Supplement can reduce methane gas from cows and generate profit for farmers

With more than 1.4 billion cows in the world, livestock is responsible for almost 10% of all greenhouse gases generated by human activity.

A large part comes from the methane that cows emit, but a new dietary supplement could reduce those emissions by 30%, according to its manufacturers. If every cow in the world ate the supplement, the reduction in emissions could be equivalent to taking more than 300 million cars off Europe’s roads.
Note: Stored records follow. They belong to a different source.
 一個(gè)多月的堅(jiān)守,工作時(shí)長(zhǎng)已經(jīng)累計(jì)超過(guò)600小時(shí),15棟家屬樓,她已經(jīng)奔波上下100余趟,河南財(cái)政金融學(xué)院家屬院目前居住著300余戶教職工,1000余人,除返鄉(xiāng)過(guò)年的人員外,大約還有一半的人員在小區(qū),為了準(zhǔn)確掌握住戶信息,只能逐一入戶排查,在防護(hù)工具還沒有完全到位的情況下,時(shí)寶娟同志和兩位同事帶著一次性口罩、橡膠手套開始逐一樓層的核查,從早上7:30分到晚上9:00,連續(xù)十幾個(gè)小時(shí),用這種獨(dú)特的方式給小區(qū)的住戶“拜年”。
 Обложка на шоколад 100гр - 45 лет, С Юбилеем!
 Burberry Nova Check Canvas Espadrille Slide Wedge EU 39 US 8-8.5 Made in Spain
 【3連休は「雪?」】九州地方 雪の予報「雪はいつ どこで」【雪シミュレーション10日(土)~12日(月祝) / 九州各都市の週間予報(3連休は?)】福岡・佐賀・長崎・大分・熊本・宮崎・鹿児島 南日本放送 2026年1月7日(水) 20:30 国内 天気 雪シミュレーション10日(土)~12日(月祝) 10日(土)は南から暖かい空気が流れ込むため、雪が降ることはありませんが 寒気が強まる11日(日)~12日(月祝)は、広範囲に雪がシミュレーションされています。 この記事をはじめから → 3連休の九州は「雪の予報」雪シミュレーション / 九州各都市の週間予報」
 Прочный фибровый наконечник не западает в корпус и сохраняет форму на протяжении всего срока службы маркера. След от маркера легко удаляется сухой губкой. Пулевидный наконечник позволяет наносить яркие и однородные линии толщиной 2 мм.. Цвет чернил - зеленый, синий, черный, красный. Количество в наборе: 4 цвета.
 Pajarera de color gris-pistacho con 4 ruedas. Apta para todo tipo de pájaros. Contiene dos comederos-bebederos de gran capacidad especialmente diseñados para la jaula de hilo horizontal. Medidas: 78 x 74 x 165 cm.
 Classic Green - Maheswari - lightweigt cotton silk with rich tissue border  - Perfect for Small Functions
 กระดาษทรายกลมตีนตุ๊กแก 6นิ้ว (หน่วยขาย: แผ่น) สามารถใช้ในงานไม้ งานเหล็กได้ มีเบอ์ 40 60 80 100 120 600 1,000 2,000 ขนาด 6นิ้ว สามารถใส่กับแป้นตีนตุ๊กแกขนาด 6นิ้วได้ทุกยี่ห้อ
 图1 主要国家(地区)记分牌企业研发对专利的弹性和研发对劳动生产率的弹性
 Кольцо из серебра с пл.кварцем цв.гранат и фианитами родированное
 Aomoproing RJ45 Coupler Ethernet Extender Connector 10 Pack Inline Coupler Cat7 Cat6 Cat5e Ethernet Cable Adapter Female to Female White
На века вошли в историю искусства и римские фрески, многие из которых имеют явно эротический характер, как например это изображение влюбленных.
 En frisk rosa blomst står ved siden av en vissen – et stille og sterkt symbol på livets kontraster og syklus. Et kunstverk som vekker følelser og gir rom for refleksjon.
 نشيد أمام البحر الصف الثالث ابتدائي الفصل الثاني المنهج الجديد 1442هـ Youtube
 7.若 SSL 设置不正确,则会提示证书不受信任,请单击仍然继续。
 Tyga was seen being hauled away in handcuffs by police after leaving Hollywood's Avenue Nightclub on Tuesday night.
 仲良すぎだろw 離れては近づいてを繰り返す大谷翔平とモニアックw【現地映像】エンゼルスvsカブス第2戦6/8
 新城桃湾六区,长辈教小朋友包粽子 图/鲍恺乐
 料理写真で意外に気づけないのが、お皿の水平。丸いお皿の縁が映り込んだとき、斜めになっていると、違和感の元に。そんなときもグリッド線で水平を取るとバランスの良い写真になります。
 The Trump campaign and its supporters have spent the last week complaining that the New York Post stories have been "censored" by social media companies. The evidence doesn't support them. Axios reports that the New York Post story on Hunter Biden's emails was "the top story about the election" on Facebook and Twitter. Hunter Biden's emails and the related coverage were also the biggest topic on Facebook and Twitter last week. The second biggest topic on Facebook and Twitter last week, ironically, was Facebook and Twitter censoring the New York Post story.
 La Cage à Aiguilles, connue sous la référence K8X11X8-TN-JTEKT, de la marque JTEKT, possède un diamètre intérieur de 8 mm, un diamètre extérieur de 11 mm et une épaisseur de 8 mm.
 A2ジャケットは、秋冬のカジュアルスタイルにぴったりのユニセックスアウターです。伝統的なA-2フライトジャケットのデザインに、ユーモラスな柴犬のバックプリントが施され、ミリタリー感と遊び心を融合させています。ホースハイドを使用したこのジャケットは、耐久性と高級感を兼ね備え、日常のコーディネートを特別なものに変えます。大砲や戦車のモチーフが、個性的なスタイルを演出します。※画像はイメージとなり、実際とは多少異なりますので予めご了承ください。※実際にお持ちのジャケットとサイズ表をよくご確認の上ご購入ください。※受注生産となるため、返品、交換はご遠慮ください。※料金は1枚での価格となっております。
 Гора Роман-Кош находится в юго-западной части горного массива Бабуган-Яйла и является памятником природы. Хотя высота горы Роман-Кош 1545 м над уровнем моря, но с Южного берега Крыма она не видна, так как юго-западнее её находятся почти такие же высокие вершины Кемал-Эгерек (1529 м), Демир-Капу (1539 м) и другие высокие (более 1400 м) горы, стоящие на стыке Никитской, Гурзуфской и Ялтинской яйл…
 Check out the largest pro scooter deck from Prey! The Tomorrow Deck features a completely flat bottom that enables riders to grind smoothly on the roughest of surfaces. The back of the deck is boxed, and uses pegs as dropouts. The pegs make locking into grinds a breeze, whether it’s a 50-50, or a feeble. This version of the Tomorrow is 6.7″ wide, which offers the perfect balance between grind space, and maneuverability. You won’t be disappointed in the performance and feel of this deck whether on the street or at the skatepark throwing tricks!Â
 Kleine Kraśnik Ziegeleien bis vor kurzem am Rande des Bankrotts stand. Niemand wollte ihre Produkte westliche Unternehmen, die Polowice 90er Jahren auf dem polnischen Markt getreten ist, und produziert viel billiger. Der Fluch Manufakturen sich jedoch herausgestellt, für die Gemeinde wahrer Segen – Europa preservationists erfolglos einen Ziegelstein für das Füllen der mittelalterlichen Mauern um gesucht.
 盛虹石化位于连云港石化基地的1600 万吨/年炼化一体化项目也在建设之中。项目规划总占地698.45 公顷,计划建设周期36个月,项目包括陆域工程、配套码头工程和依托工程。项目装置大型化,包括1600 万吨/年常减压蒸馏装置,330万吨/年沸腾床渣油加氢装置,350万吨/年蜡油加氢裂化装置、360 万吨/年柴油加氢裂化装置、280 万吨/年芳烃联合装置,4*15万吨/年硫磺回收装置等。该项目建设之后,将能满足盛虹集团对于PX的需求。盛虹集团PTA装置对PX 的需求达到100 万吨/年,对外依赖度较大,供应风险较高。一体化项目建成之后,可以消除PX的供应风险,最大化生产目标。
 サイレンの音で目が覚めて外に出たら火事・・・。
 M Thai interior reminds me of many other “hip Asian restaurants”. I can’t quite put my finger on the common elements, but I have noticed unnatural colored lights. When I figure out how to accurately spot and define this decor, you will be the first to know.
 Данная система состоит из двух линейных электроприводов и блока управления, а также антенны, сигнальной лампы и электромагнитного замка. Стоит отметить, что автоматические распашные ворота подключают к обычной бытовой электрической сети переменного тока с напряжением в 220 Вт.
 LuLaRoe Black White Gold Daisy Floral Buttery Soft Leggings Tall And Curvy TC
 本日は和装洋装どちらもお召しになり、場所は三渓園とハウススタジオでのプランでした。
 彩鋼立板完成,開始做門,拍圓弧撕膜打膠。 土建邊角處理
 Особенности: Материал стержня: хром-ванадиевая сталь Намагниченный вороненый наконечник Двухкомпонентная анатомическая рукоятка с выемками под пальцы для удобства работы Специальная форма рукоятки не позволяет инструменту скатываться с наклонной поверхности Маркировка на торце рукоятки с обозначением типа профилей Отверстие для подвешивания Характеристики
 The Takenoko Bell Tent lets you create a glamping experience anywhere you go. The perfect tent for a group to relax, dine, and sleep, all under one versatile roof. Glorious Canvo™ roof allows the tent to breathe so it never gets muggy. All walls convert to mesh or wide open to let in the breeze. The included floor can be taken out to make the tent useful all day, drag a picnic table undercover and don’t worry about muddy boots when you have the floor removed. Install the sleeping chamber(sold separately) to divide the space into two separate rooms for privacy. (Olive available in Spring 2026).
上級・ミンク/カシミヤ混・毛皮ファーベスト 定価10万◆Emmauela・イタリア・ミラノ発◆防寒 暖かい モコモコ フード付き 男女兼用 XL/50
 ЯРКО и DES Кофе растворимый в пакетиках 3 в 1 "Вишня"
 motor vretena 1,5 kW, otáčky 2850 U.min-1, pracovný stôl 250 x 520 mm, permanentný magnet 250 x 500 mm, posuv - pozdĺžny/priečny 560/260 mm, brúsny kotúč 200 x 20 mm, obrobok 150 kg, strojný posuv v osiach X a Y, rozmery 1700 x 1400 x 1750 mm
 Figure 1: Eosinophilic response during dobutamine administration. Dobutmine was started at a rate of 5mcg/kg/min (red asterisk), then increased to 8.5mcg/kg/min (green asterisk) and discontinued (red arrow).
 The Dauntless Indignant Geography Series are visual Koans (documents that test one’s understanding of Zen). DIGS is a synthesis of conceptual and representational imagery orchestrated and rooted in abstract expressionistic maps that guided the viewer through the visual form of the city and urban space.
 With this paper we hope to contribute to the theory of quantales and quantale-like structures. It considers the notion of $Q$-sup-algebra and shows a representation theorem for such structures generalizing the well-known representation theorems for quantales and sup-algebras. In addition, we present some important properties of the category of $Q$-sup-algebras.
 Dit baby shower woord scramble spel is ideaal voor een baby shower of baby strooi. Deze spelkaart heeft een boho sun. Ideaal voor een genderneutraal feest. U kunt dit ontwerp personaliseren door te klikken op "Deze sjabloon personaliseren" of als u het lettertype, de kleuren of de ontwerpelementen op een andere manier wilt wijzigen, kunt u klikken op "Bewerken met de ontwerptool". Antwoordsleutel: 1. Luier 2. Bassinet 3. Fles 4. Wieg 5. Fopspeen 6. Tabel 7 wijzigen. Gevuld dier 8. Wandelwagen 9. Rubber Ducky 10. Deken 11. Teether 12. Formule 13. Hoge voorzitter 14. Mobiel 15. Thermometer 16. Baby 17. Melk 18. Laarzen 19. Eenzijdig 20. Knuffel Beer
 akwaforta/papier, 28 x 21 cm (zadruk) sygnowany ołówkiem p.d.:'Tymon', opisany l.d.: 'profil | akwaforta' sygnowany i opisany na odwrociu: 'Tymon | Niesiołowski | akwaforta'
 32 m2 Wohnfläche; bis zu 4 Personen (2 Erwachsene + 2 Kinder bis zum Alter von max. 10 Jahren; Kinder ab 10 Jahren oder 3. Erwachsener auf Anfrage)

Developed by Swiss-British startup Mootral, the supplement, based on garlic and citrus extracts, is mixed with regular cattle feed, reducing methane emissions by about one ton of carbon dioxide per cow per year.

The company is now converting those savings into carbon credits – approved by Verra, a global voluntary carbon offset program – that are sold to companies that want to offset their emissions.

Proceeds from the sale of carbon credits go back to farmers, subsidizing the initial cost of the feed and encouraging them to buy more, Mootral CEO Thomas Hafner told CNN Business.

“Carbon credits are an important stimulus tool to drive the adoption of climate-friendly technologies,” says Hafner.

Farmers Market

Brades Farm in Lancashire, North West England is the first commercial farm to take advantage of Mootral’s carbon credit program. His herd of 440 dairy cows receives the supplement twice a day.

Food additives help to inhibit microbes in a cow’s stomach from producing methane, which is usually produced as a by-product of the digestion of fibrous plant material like grass.

“It’s hard to make a living off dairy farming, there are bills to pay all the time,” says Joe Towers, who runs the farm with his brother Ed. “Carbon credits are a real opportunity … to offset that cost to farmers,” says he.

The food supplement has an additional commercial benefit for the farm. By marketing their low-methane cows, the brothers found a niche in selling premium milk to London coffee shops.

Mootral’s so-called “CowCredits” are not cheap. They entered the market in April costing about $80 each, with a credit offsetting a ton of CO2.

Forest compensation schemes, by comparison, cost an average of $4 per ton of CO2, according to research firm Ecosystem Marketplace. But Hafner believes there is a demand for credits that offer an “immediately verified reduction” in emissions, rather than those that promise future savings that they may not.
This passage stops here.